In the case of electrodynamics, the mathematical model of interest is the full system of unsteady Maxwell equations which is a first-order hyperbolic linear system of PDEs (if the underlying propagation media is assumed to be linear). This system can be numerically solved using so-called time-domain methods among which the Finite Difference Time-Domain (FDTD) method introduced by K.S. Yee in 1996 is the most popular and which often serves as a reference method for the works of the team. For certain types of problems, a time-harmonic evolution can be assumed leading to the formulation of the frequency-domain Maxwell equations whose numerical resolution requires the solution of a linear system of equations (i.e in that case, the numerical method is naturally implicit). Heterogeneity of the propagation media is taken into account in the Maxwell equations through the electrical permittivity, the magnetic permeability and the electric conductivity coefficients. In the general case, the electrical permittivity and the magnetic permeability are tensors whose entries depend on space (i.e heterogeneity in space) and frequency. In the latter case, the time-domain numerical modeling of such materials requires specific techniques in order to switch from the frequency evolution of the electromagnetic coefficients to a time dependency. Moreover, there exist several mathematical models for the frequency evolution of these coefficients (Debye model, Drude model, Drude-Lorentz model, etc.).

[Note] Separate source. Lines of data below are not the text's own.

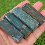 About Material Moss agate is a semi-precious gemstone formed from silicon dioxide. It is a form of chalcedony which includes minerals of a green color embedded in the stone, forming filaments and other patterns suggestive of moss.[1] The field is a clear or milky-white quartz, and the included minerals are mainly oxides of manganese or iron. It is not a true form of agate, because it does not have concentric banding.
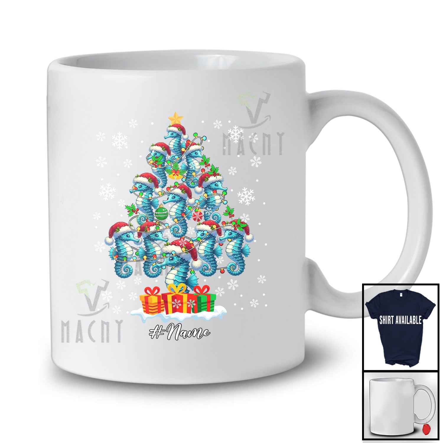 Personalized Custom Name Seahorse Santa As Christmas Tree; Lovely X-mas Lights Family T-Shirt. This cotton t-shirt is a durable staple product with a classic fit. One of the most popular items, it has a relaxed style made for everyday and casual wear.
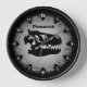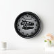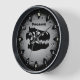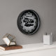 Tell time in prehistoric style with this cool grey Dino themed clock. Beware of the dinosaurs ready to ambush from their hiding places between the hour teeth. The customizable text makes this Triassic time piece a great personalized gift idea for the Dino enthusiast.

In the case of elastodynamics, the mathematical model of interest is the system of elastodynamic equations for which several formulations can be considered such as the velocity-stress system. For this system, as with Yee's scheme for time-domain electromagnetics, one of the most popular numerical method is the finite difference method proposed by J. Virieux in 1986. Heterogeneity of the propagation media is taken into account in the elastodynamic equations through the Lamé and mass density coefficients. A frequency dependence of the Lamé coefficients allows to take into account physical attenuation of the wave fields and characterizes a viscoelastic material. Again, several mathematical models are available for expressing the frequency evolution of the Lamé coefficients.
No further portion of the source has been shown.